Après la mort du général iranien Qassem Soleimani, tué par des frappes américaines la semaine dernière, la situation est très tendue au Moyen-Orient. Dans ce contexte, chaque mot et chaque silence pèse lourd. Et pourtant, l’armée américaine a envoyé par erreur une lettre expliquant que les soldats américains se préparaient à quitter l’Irak.

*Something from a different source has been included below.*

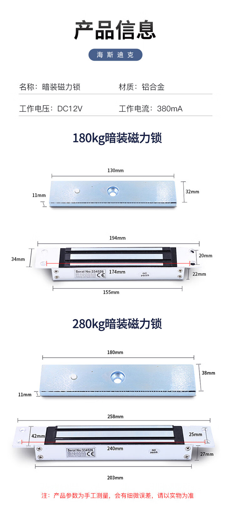 海斯迪克 暗装磁力锁 HKsq-549 单门280kg 1个
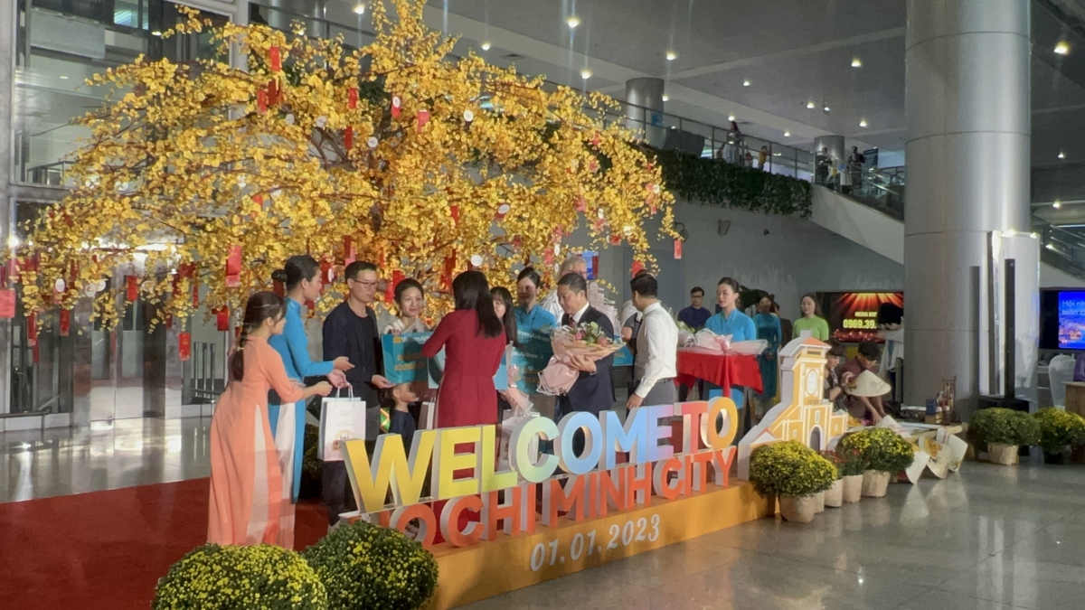 Sáng 1/1, tại Sân bay Quốc tế Tân Sơn Nhất, Sở Du lịch phối hợp với Hãng hàng không Quốc gia Việt Nam và Cảng Hàng không quốc tế Tân Sơn Nhất tổ chức "Lễ đón đoàn khách du lịch đến TP.HCM đầu năm 2023".

Il est 21h23, heure belge ce lundi, lorsque l’agence de presse britannique Reuters publie une dépêche évoquant une lettre officielle datant de ce lundi, signée par le commandant des opérations militaires américaines en Irak. Cette lettre explique que les Etats-Unis respectent "la décision irakienne d’ordonner le départ de leurs troupes" et qu’un "repositionnement des forces aura lieu dans les prochains jours et prochaines semaines"

Reuters expliquait alors avoir confirmation de l’authenticité de cette lettre par une source militaire irakienne. Dimanche, le parlement irakien avait d’ailleurs demandé le départ des troupes américaines. Ce vote avait provoqué la colère de Donald Trump qui avait ensuite menacé Bagdad de sanctions majeures.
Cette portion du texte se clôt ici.